# The knicks found a diamond..



## grizzoistight (Jul 16, 2002)

Ronald Blackshear..
i saw him play in high school.. ( he was on jumaine jones team) this kid can score quicker than anyone that came out of this draft!!!
Blackshear, 25, is an NBA rookie who played two years at Marshall University after his freshman season at Temple. The 6-5, 210-pound guard averaged 20.3 points for the Thundering Herd during his junior season of 2002-03 to rank 35th in the nation and sixth in the MAC. 

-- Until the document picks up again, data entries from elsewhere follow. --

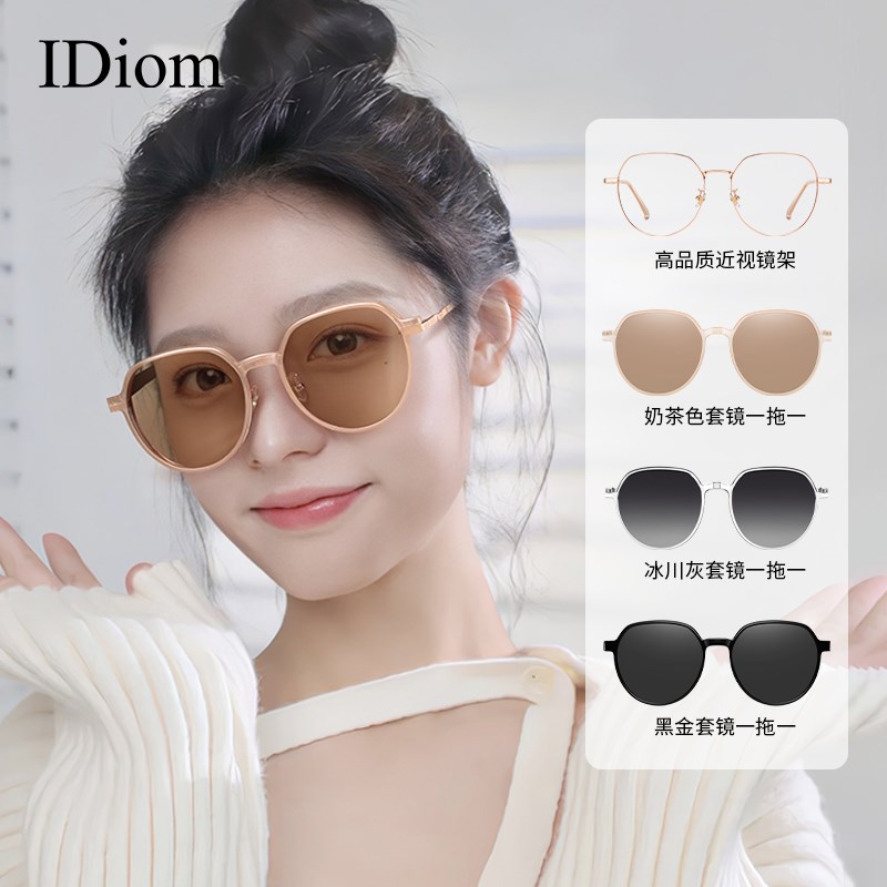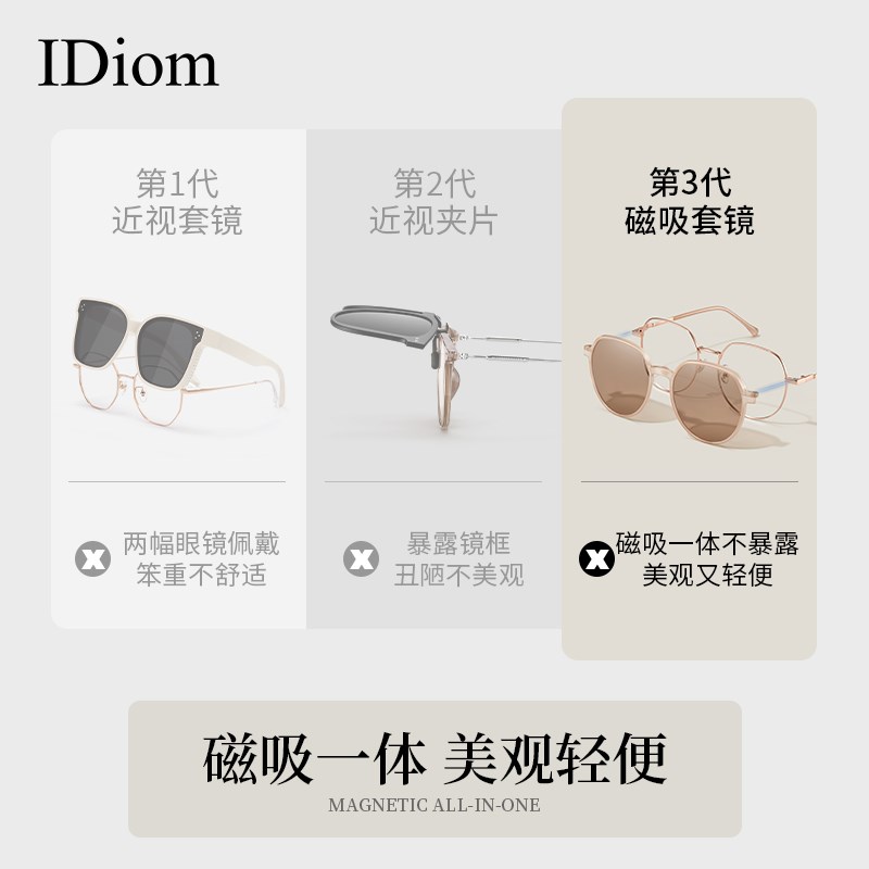 奶茶色磁吸套镜女款可配度数z级感偏光近视墨镜防晒太阳眼镜夹片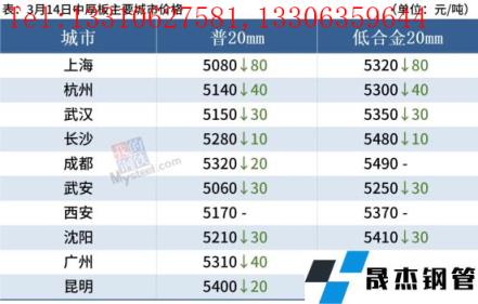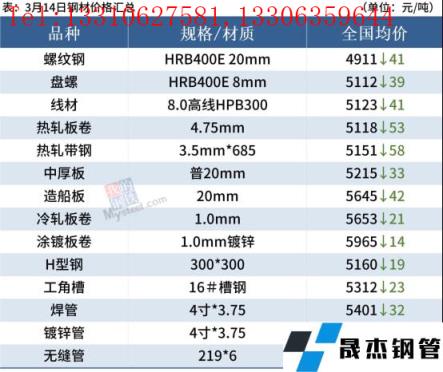 中厚板:3月14日,全国24个主要城市20mm普板均价5215元/吨,较上个交易日下跌33元/吨。今日期市接连下行,市场心态不佳,长三角区域午后接连补跌,受近期运力下降,下游单位按需采购,无缝厚壁钢管厂家整体产量有所提升,贸易商对后市较为悲观,投机性锁价订单比例降低,市场发生降价保销现象,预计15日中厚板价格继续偏弱运行。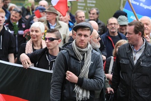 Brandstifter Maik Schneider und Bürgermeisterkandidat Sven Kilian, mit Pierre Dornbrach, Thomas E. und Björn Brusak (v.l.n.r), während eines flüchtlingsfeindlichen Aufzuges 2015 in Nauen.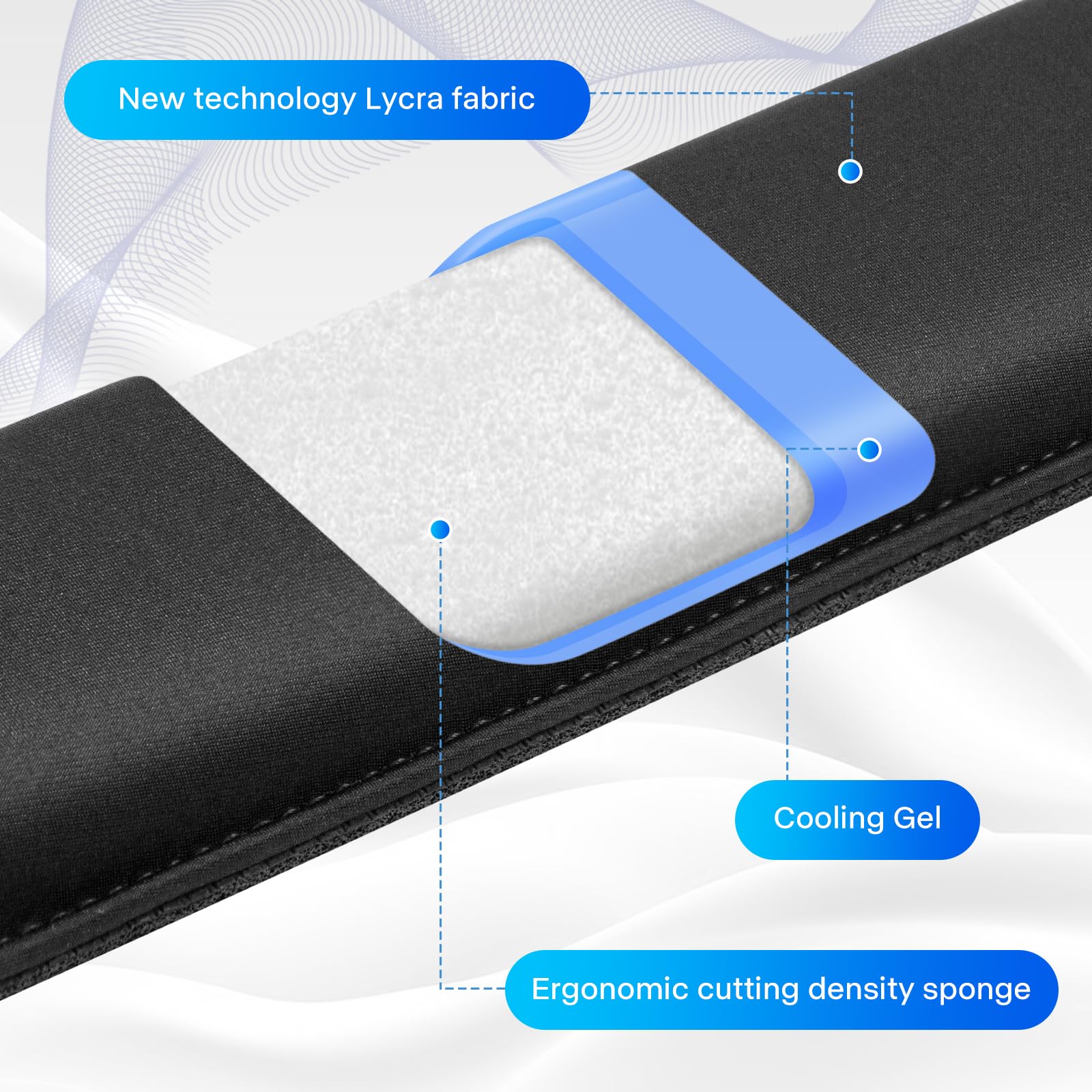 【COOL GEL & UPGRADE SOFT MEMORY FOAM】Enlarge keyboard wrist rest ensuring a lightweight and durable ergonomic touch, keeps your wrists lifted and supported in a comfortable way, slow bounces back and not easy to out of shape, Cool and comfortable to touch, and ideal for longer hours of use.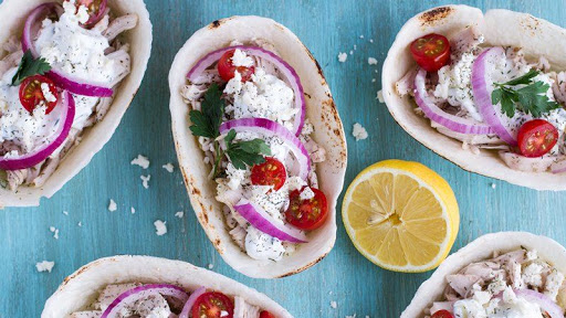 Remove cooked chicken from slow cooker, and shred with 2 forks. Divide chicken among tortillas. Top each with Tzatziki, red onion, grape tomatoes and feta cheese.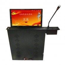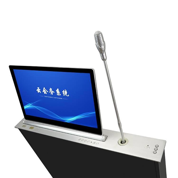 产品本身内置LED高清显示屏,超薄机身和铝合金精拉丝氧化面板结构,齿轮齿条配合双直线导轨传动方式,显示屏采用全铝合金外壳,外观无螺丝,产品使用***,美观大方。外置VGA、DVI、HDMI等多重信号接口和RS232/485控制接口,产品在启动时,液晶显示屏升降器从箱体内部升出桌面并自动为显示屏供电,产品设有智能仰角0-15°可调节角度功能,满足各个人群的显示屏仰角使用需要。当产品使用完成需要关闭时,显示屏自动返回升降隐藏于箱体内部并自动断开显示屏电源,起到保护显示屏并节约用电的作用。产品具有防盗、防尘、和保持桌面平整美观,会议场所整齐有序等功能。显示器尺寸大小有四中规格可选(15.6寸/17.3寸/18.5寸/21.5寸)本系列产品可按客户要求定制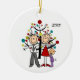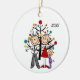 Um enfeite familiar bonitinho para os feriados com uma árvore, um pai, mãe e uma menina.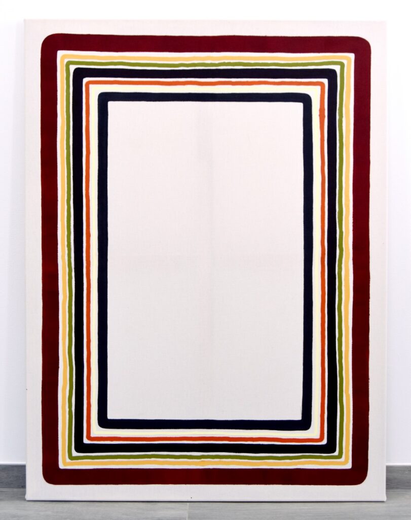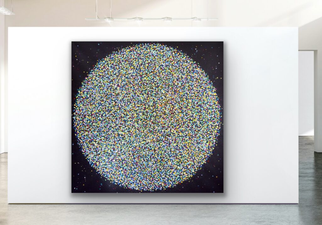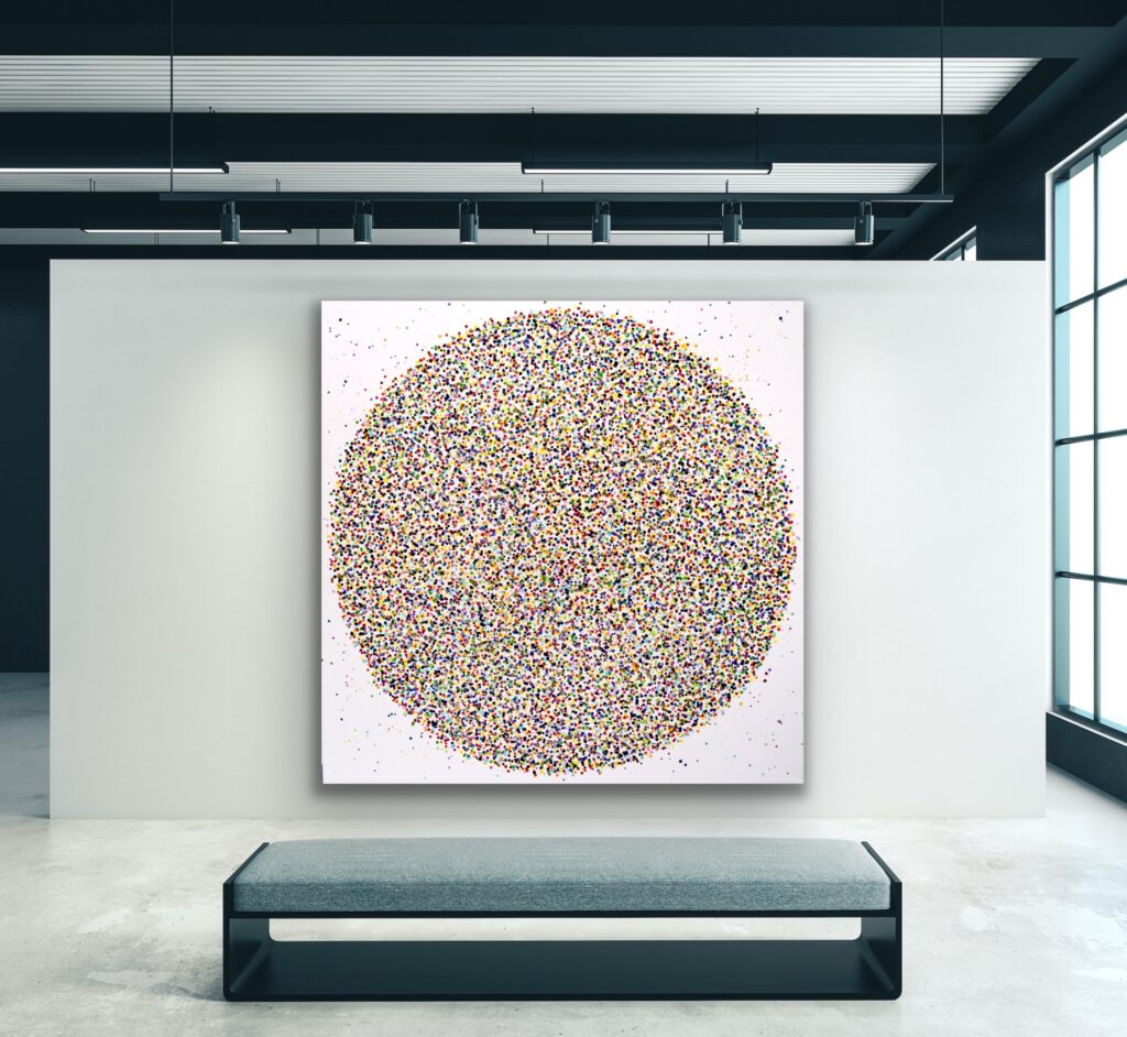 My message: Time is moving fast, and our minds are strongly influenced by the media and social platforms. I want people to pause their thoughts, calm down, follow the lines, journey with the circles, gaze at the dots and color fields in my works, and feel the vibrancy and allure of pure colors and common shapes.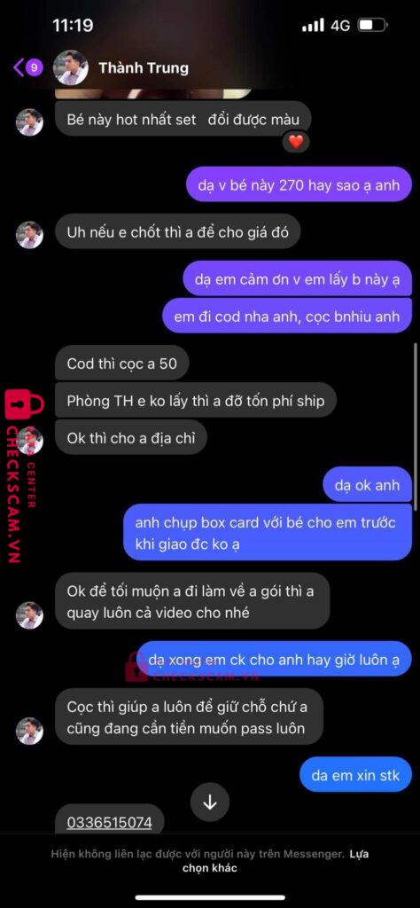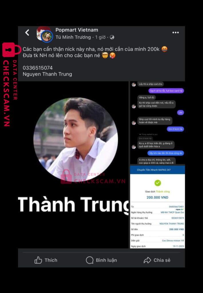 Scammer Alert: Nguyen Thanh Trung Reported: November 16, 2024 Scammer Information Full Name: Nguyen Thanh Trung Payment Gate: MbBank Payment Account: 0336515074 Category: Marketplace scams Source: Checkscam Evidence Files Report Description Lừa đảo trong gruop facebook mua bán sản phẩm blindbox,bắt cọc tiền trước rồi chặn liên hệ người mua Comments Your comment Add Comment No comments yet. Be the first to share your experience with this scammer.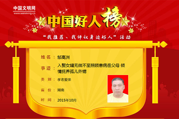 当选为“孝老爱亲好人”的邹高洲,是常德澧县张公庙镇护国村农民。1988年因家庭贫困入赘到张公庙镇护国村5组赵玉兰家。20年来,他倾情抚养孤儿外甥,对患病的岳父母不离不弃。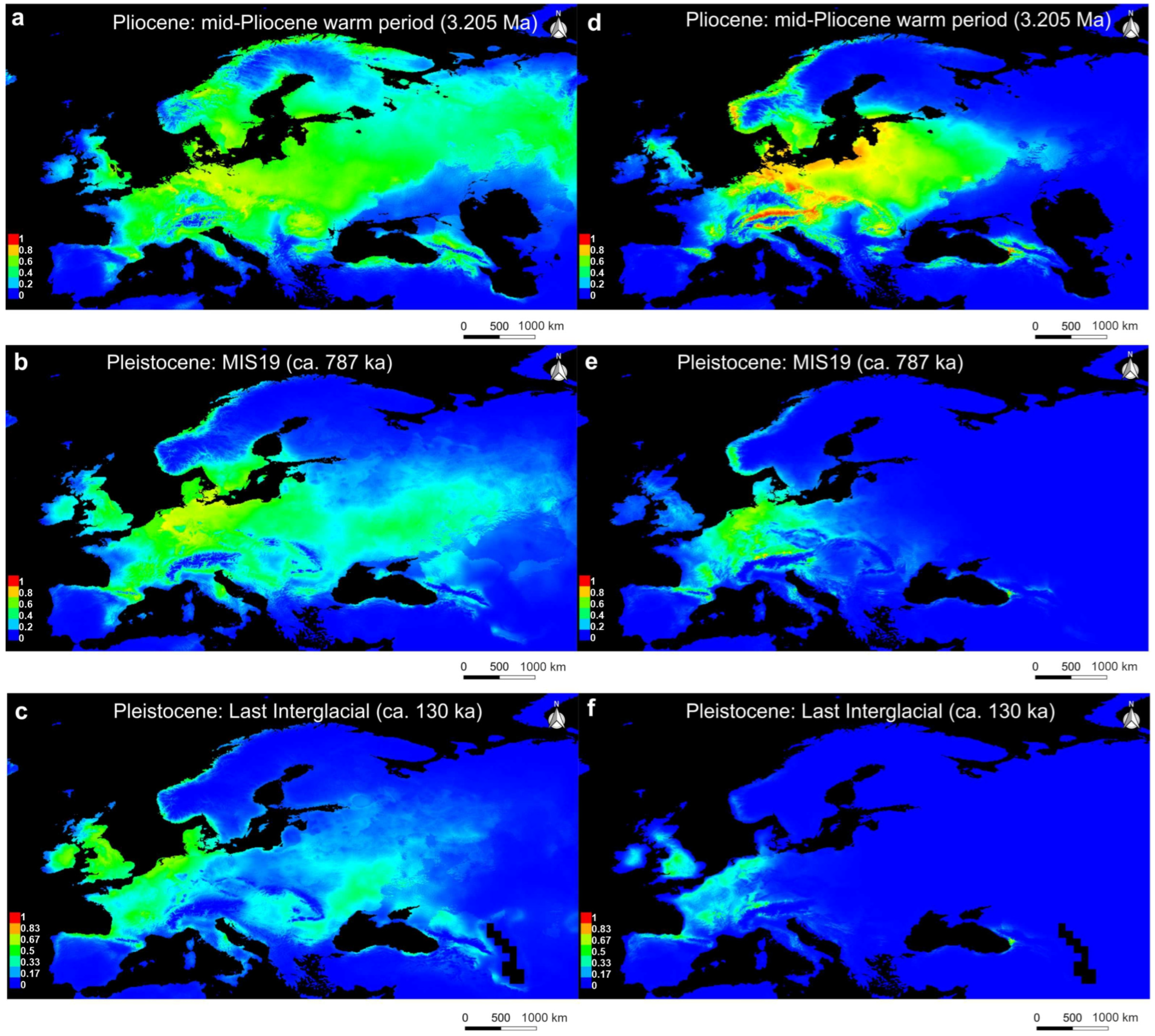 Figure 4. PaleoSDM for U. crassus (ac) and U. nanus (df) over time: (a) U. crassus during mid-Pliocene Warm period (3.205 Ma); (b) U. crassus during Marine Isotope Stage 19 (787 ka); (c) U. crassus during Last Interglacial Period (130 ka); (d) U. nanus during mid-Pliocene Warm period (3.205 Ma); (e) U. nanus during Marine Isotope Stage 19 (787 ka); (f) U. nanus during Last Interglacial Period (130 ka); warmer colors indicate higher suitability, while blue indicates unsuitable areas.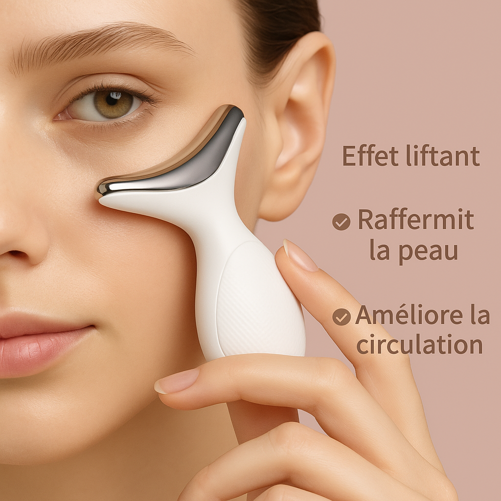 Appareil 3-en-1 pour nettoyer, raffermir et raviver le visage & le cou avec technologie EMS et thérapie lumineuse.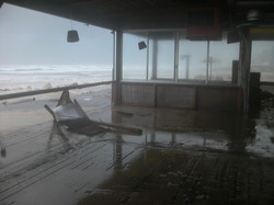 -Буря началась в ночь на воскресенье около 11 часов, — рассказывает о пережитом совладелец ресторана «Тайо» Амир Сорсино. – Посетители еле успели покинуть ресторан, как начался ураган. Волны затопили зал, в разбитые окна заносило столы из прибрежных ресторанов Ришон ле-Циона (как мы потом узнали), наша мебель уплывала вместе с волнами. Мы с партнерами всю ночь были в ресторане, пытались спасти остатки оборудования и мебели, нас много раз накрывало волнами и тогда становилось по-настоящему страшно. Утром в воскресенье разошлись. Стену ресторана, смотрящую на море, смыло, внутрь нанесло тонну песка, мебель, холодильники, кухонное оборудование расшвыряло в радиусе десятков метров и поломало волнами… Жуткое зрелище.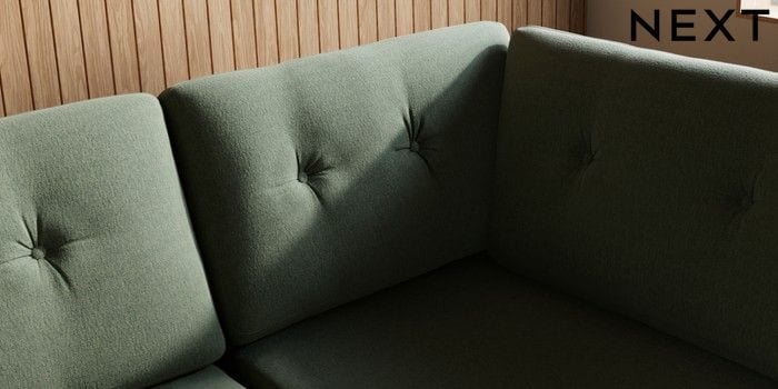 7.3.1 Buy Wilson Buttoned Back Large Corner Chaise - Right Hand Relaxed Linen Look Dark Green Metal Tapered - Chrome from the Next UK online shop Click here to use our accessible website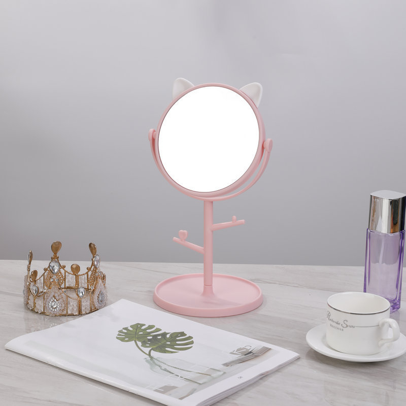 猫耳朵台式化妆镜高清少女可立公主镜学生宿舍桌面梳妆镜可爱镜子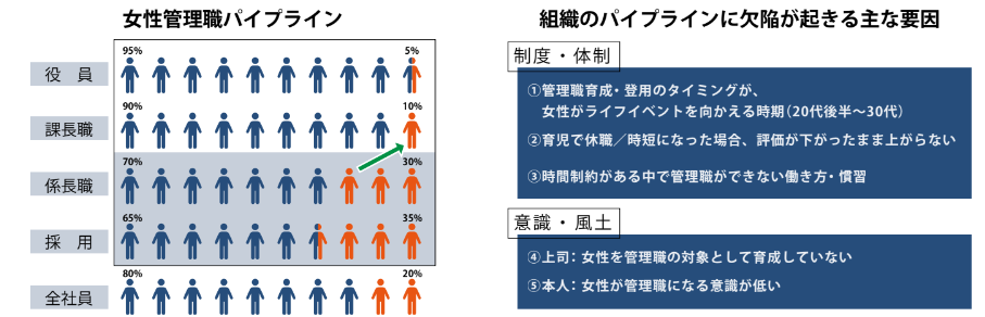 採用~育成~登用まで一貫して人材育成をすることで女性登用のパイプラインを構築し未来の管理職となるプール人材を長期育成することが求められます。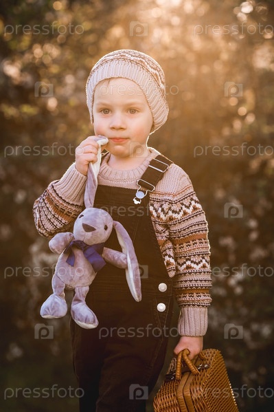 Детство. Маленький мальчик на улице с чемоданом и плюшевым кроликом отправляется в путешествие. Красивый портрет ребенка, играющего на улице

Look at some these games.. 

I think in the 02 season he hit 15 threes one game


----------



## Knicksbiggestfan (Apr 29, 2003)

He seems to turn the ball over a lot. 


He is a SG correct?


I am not familiar with college basketball at all, ( other than the one I attend) so in looking at this list what are the top three teams Marshall played against?


----------



## Priest (Jun 24, 2003)

he is good and all but when he played against top d1 teams he didnt do so well


----------



## JNice (Jul 13, 2002)

Did he sign a guaranteed contract?


----------



## Rashidi (Oct 2, 2003)

No, the Knicks already have 15 guaranteed contracts. Which means he likely won't make the roster.


----------